**What you are asked to do**
In your copy of the data, omit the pictures and keep all else exactly as given.

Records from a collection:
--*--

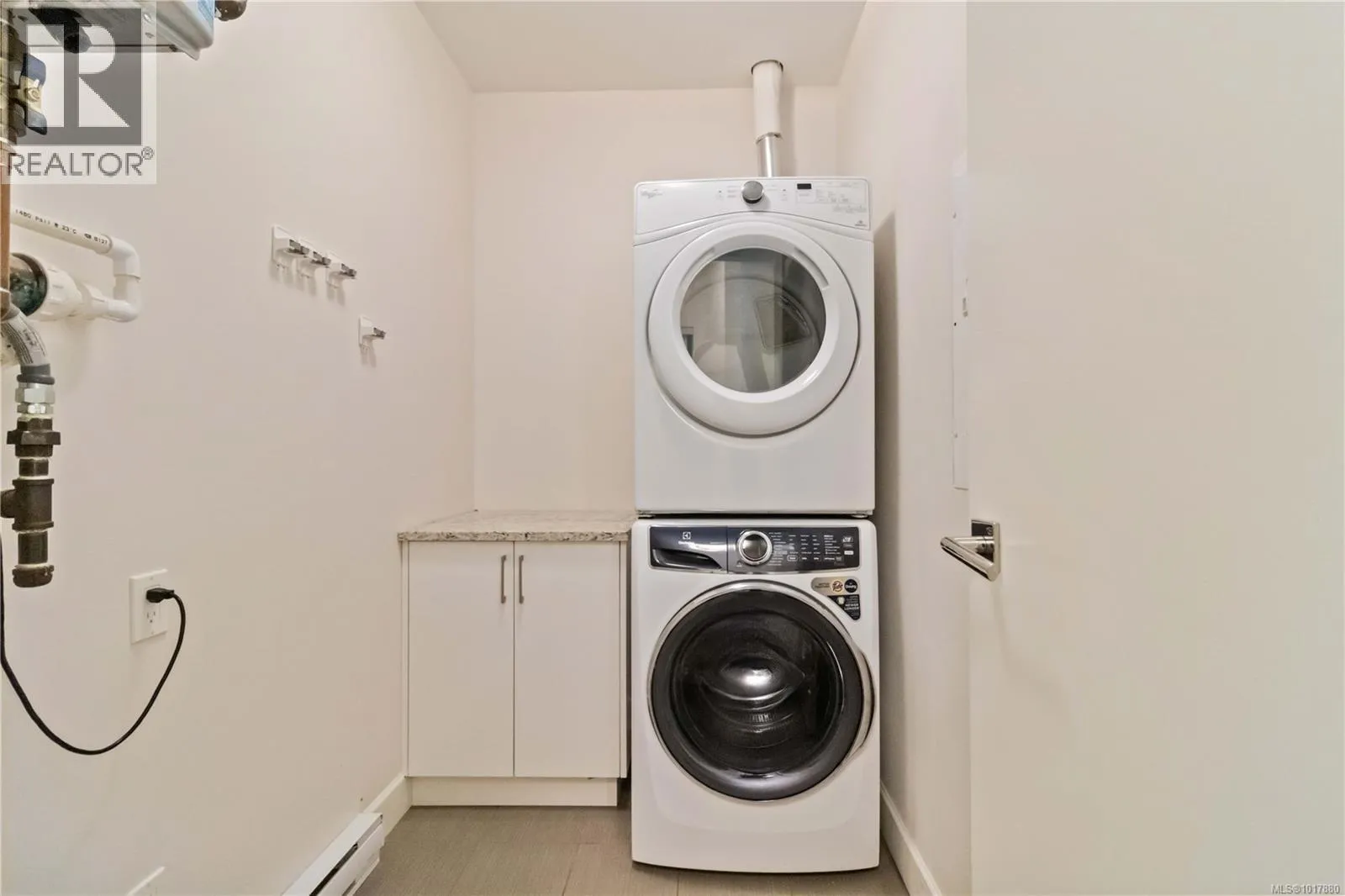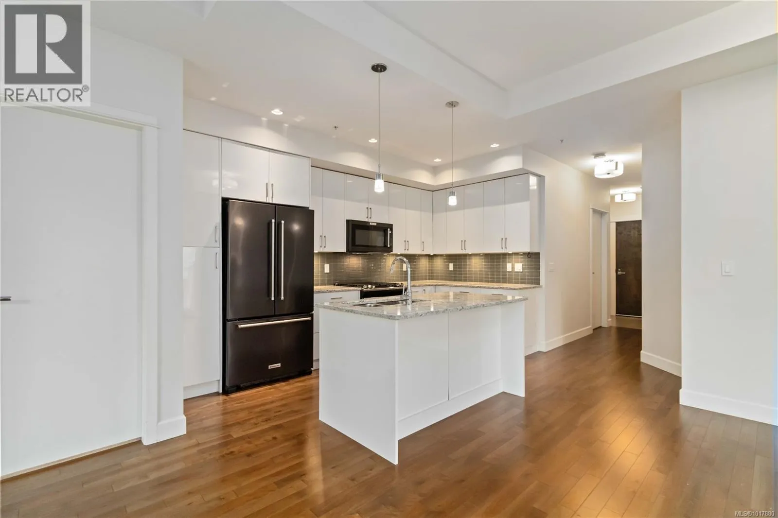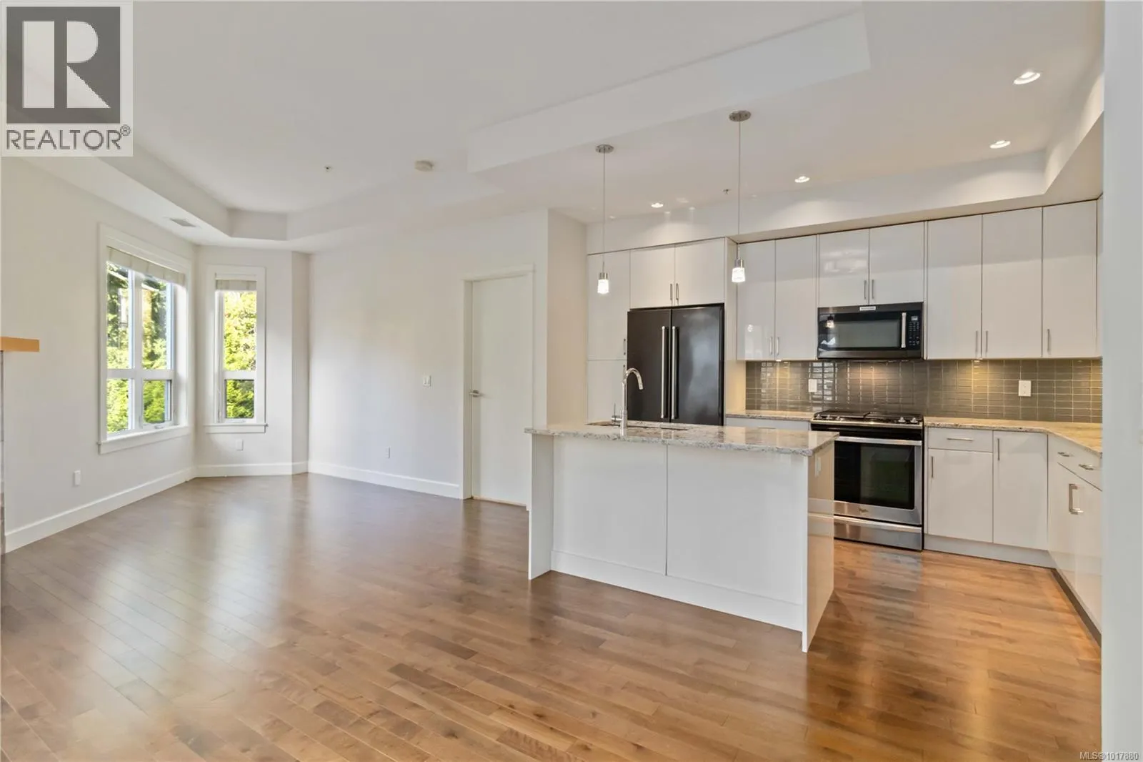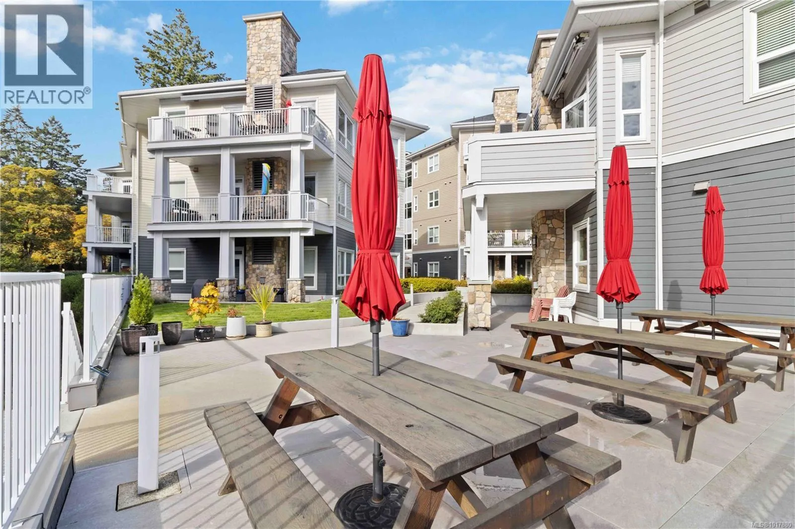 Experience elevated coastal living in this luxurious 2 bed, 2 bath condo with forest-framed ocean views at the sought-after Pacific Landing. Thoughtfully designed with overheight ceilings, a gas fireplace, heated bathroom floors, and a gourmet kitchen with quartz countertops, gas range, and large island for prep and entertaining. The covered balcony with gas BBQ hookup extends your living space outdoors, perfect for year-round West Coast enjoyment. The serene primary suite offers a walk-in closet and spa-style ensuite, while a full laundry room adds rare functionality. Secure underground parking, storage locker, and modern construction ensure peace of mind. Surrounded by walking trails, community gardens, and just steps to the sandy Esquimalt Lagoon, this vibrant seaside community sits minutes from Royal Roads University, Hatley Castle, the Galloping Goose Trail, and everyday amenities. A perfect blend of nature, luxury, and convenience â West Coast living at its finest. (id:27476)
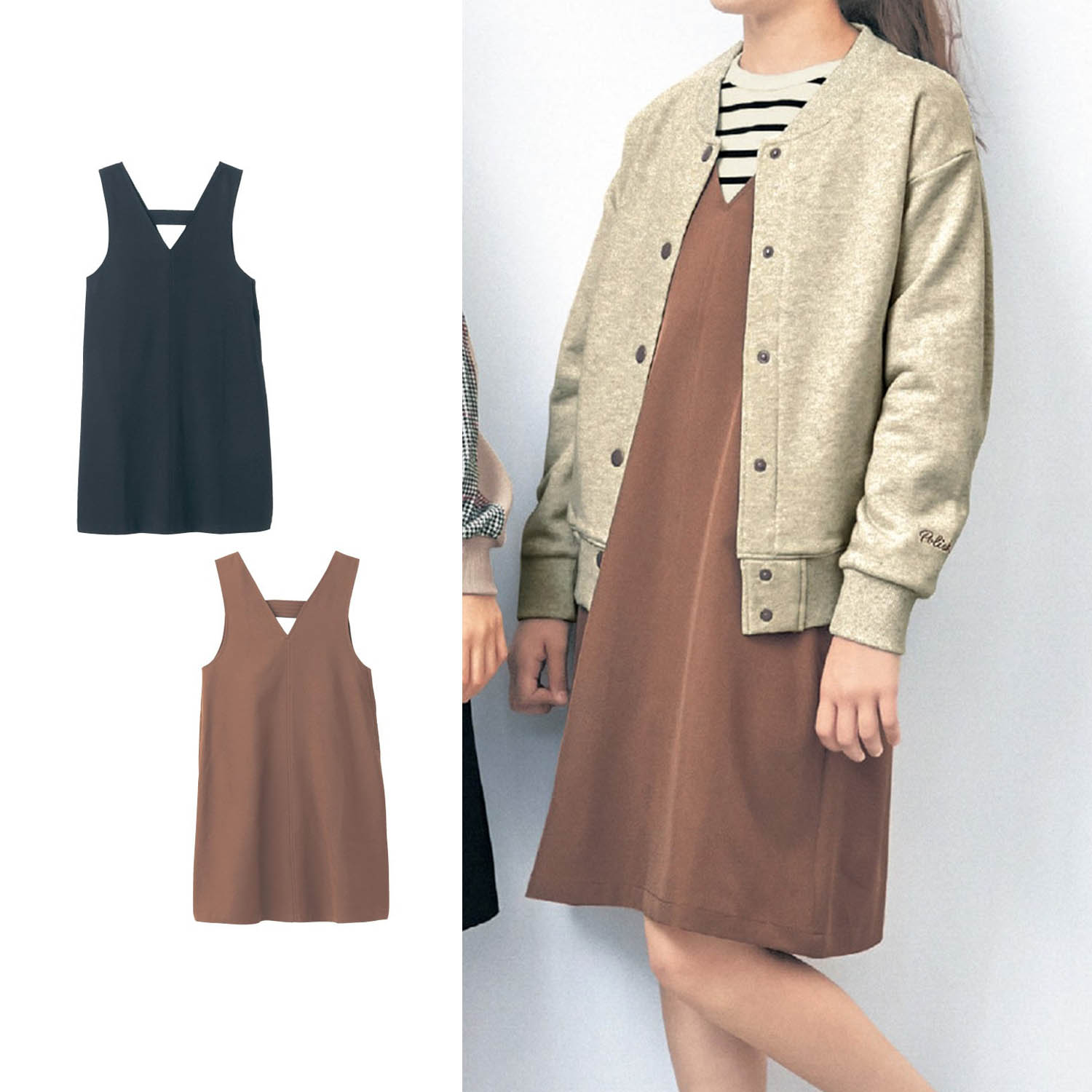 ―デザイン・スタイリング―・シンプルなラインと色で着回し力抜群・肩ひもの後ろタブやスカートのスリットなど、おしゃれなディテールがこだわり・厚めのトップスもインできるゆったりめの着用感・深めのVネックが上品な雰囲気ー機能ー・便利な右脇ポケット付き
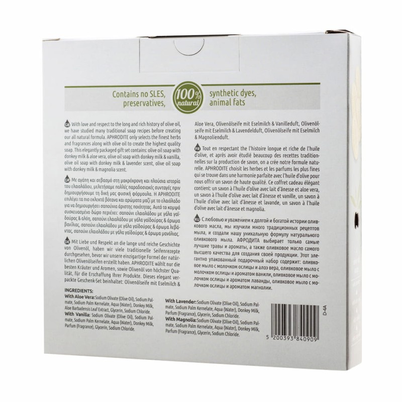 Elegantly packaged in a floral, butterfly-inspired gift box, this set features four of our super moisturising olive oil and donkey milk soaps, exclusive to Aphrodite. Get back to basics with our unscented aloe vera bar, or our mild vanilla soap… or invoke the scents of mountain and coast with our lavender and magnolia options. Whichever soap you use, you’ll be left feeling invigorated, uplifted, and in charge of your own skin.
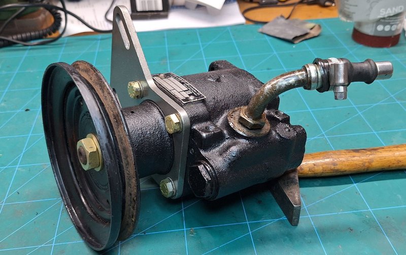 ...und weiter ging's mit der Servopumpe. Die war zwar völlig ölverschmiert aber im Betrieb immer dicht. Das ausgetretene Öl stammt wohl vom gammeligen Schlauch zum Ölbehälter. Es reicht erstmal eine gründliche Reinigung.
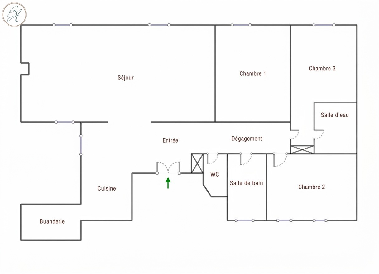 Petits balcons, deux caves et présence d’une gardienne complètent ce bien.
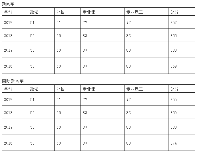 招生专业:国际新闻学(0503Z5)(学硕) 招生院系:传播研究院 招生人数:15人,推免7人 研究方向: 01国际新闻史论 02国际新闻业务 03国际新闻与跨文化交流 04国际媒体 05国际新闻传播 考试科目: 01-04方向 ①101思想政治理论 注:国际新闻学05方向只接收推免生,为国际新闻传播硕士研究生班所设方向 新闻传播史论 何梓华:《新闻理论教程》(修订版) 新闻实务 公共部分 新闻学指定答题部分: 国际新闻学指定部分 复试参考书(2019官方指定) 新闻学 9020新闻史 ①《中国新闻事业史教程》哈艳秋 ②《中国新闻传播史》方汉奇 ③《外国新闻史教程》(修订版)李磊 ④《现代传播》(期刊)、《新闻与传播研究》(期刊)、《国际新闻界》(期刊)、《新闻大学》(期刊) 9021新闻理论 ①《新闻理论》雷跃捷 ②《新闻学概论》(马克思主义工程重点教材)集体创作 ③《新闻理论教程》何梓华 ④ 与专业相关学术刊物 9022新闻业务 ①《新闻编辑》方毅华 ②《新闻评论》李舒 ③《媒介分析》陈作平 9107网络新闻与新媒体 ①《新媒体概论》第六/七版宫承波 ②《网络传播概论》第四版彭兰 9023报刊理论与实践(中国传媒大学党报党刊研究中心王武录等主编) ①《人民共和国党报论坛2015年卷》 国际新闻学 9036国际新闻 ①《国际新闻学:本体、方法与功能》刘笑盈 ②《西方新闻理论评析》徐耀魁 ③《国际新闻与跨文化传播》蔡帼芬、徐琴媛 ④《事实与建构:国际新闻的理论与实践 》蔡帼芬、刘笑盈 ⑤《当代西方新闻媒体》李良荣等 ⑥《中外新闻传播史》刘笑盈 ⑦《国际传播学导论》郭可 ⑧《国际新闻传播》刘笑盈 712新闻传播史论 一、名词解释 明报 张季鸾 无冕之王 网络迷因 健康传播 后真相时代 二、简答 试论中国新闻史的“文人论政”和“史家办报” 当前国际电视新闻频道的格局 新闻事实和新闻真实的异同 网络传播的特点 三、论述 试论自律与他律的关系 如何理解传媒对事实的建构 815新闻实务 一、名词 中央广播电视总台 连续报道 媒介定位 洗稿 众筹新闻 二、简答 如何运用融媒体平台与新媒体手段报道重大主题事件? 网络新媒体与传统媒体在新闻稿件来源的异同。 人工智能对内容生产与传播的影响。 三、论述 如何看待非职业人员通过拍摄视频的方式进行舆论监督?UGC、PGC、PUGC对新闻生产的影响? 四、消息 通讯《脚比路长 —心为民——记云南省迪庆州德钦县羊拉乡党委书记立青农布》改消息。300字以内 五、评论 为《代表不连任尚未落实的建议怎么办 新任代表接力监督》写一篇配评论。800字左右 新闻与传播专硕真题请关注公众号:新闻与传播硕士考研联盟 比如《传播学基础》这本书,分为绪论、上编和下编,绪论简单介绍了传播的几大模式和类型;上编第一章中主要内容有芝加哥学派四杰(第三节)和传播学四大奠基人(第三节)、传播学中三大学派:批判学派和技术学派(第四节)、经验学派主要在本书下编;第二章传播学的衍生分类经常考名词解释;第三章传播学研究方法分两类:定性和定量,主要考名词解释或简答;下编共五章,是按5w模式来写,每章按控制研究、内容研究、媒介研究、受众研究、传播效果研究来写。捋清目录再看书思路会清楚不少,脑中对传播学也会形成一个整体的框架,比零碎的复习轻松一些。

--*--

**Result for this task**
 Experience elevated coastal living in this luxurious 2 bed, 2 bath condo with forest-framed ocean views at the sought-after Pacific Landing. Thoughtfully designed with overheight ceilings, a gas fireplace, heated bathroom floors, and a gourmet kitchen with quartz countertops, gas range, and large island for prep and entertaining. The covered balcony with gas BBQ hookup extends your living space outdoors, perfect for year-round West Coast enjoyment. The serene primary suite offers a walk-in closet and spa-style ensuite, while a full laundry room adds rare functionality. Secure underground parking, storage locker, and modern construction ensure peace of mind. Surrounded by walking trails, community gardens, and just steps to the sandy Esquimalt Lagoon, this vibrant seaside community sits minutes from Royal Roads University, Hatley Castle, the Galloping Goose Trail, and everyday amenities. A perfect blend of nature, luxury, and convenience â West Coast living at its finest. (id:27476)
 ―デザイン・スタイリング―・シンプルなラインと色で着回し力抜群・肩ひもの後ろタブやスカートのスリットなど、おしゃれなディテールがこだわり・厚めのトップスもインできるゆったりめの着用感・深めのVネックが上品な雰囲気ー機能ー・便利な右脇ポケット付き
 Elegantly packaged in a floral, butterfly-inspired gift box, this set features four of our super moisturising olive oil and donkey milk soaps, exclusive to Aphrodite. Get back to basics with our unscented aloe vera bar, or our mild vanilla soap… or invoke the scents of mountain and coast with our lavender and magnolia options. Whichever soap you use, you’ll be left feeling invigorated, uplifted, and in charge of your own skin.
 ...und weiter ging's mit der Servopumpe. Die war zwar völlig ölverschmiert aber im Betrieb immer dicht. Das ausgetretene Öl stammt wohl vom gammeligen Schlauch zum Ölbehälter. Es reicht erstmal eine gründliche Reinigung.
 Petits balcons, deux caves et présence d’une gardienne complètent ce bien.
 招生专业:国际新闻学(0503Z5)(学硕) 招生院系:传播研究院 招生人数:15人,推免7人 研究方向: 01国际新闻史论 02国际新闻业务 03国际新闻与跨文化交流 04国际媒体 05国际新闻传播 考试科目: 01-04方向 ①101思想政治理论 注:国际新闻学05方向只接收推免生,为国际新闻传播硕士研究生班所设方向 新闻传播史论 何梓华:《新闻理论教程》(修订版) 新闻实务 公共部分 新闻学指定答题部分: 国际新闻学指定部分 复试参考书(2019官方指定) 新闻学 9020新闻史 ①《中国新闻事业史教程》哈艳秋 ②《中国新闻传播史》方汉奇 ③《外国新闻史教程》(修订版)李磊 ④《现代传播》(期刊)、《新闻与传播研究》(期刊)、《国际新闻界》(期刊)、《新闻大学》(期刊) 9021新闻理论 ①《新闻理论》雷跃捷 ②《新闻学概论》(马克思主义工程重点教材)集体创作 ③《新闻理论教程》何梓华 ④ 与专业相关学术刊物 9022新闻业务 ①《新闻编辑》方毅华 ②《新闻评论》李舒 ③《媒介分析》陈作平 9107网络新闻与新媒体 ①《新媒体概论》第六/七版宫承波 ②《网络传播概论》第四版彭兰 9023报刊理论与实践(中国传媒大学党报党刊研究中心王武录等主编) ①《人民共和国党报论坛2015年卷》 国际新闻学 9036国际新闻 ①《国际新闻学:本体、方法与功能》刘笑盈 ②《西方新闻理论评析》徐耀魁 ③《国际新闻与跨文化传播》蔡帼芬、徐琴媛 ④《事实与建构:国际新闻的理论与实践 》蔡帼芬、刘笑盈 ⑤《当代西方新闻媒体》李良荣等 ⑥《中外新闻传播史》刘笑盈 ⑦《国际传播学导论》郭可 ⑧《国际新闻传播》刘笑盈 712新闻传播史论 一、名词解释 明报 张季鸾 无冕之王 网络迷因 健康传播 后真相时代 二、简答 试论中国新闻史的“文人论政”和“史家办报” 当前国际电视新闻频道的格局 新闻事实和新闻真实的异同 网络传播的特点 三、论述 试论自律与他律的关系 如何理解传媒对事实的建构 815新闻实务 一、名词 中央广播电视总台 连续报道 媒介定位 洗稿 众筹新闻 二、简答 如何运用融媒体平台与新媒体手段报道重大主题事件? 网络新媒体与传统媒体在新闻稿件来源的异同。 人工智能对内容生产与传播的影响。 三、论述 如何看待非职业人员通过拍摄视频的方式进行舆论监督?UGC、PGC、PUGC对新闻生产的影响? 四、消息 通讯《脚比路长 —心为民——记云南省迪庆州德钦县羊拉乡党委书记立青农布》改消息。300字以内 五、评论 为《代表不连任尚未落实的建议怎么办 新任代表接力监督》写一篇配评论。800字左右 新闻与传播专硕真题请关注公众号:新闻与传播硕士考研联盟 比如《传播学基础》这本书,分为绪论、上编和下编,绪论简单介绍了传播的几大模式和类型;上编第一章中主要内容有芝加哥学派四杰(第三节)和传播学四大奠基人(第三节)、传播学中三大学派:批判学派和技术学派(第四节)、经验学派主要在本书下编;第二章传播学的衍生分类经常考名词解释;第三章传播学研究方法分两类:定性和定量,主要考名词解释或简答;下编共五章,是按5w模式来写,每章按控制研究、内容研究、媒介研究、受众研究、传播效果研究来写。捋清目录再看书思路会清楚不少,脑中对传播学也会形成一个整体的框架,比零碎的复习轻松一些。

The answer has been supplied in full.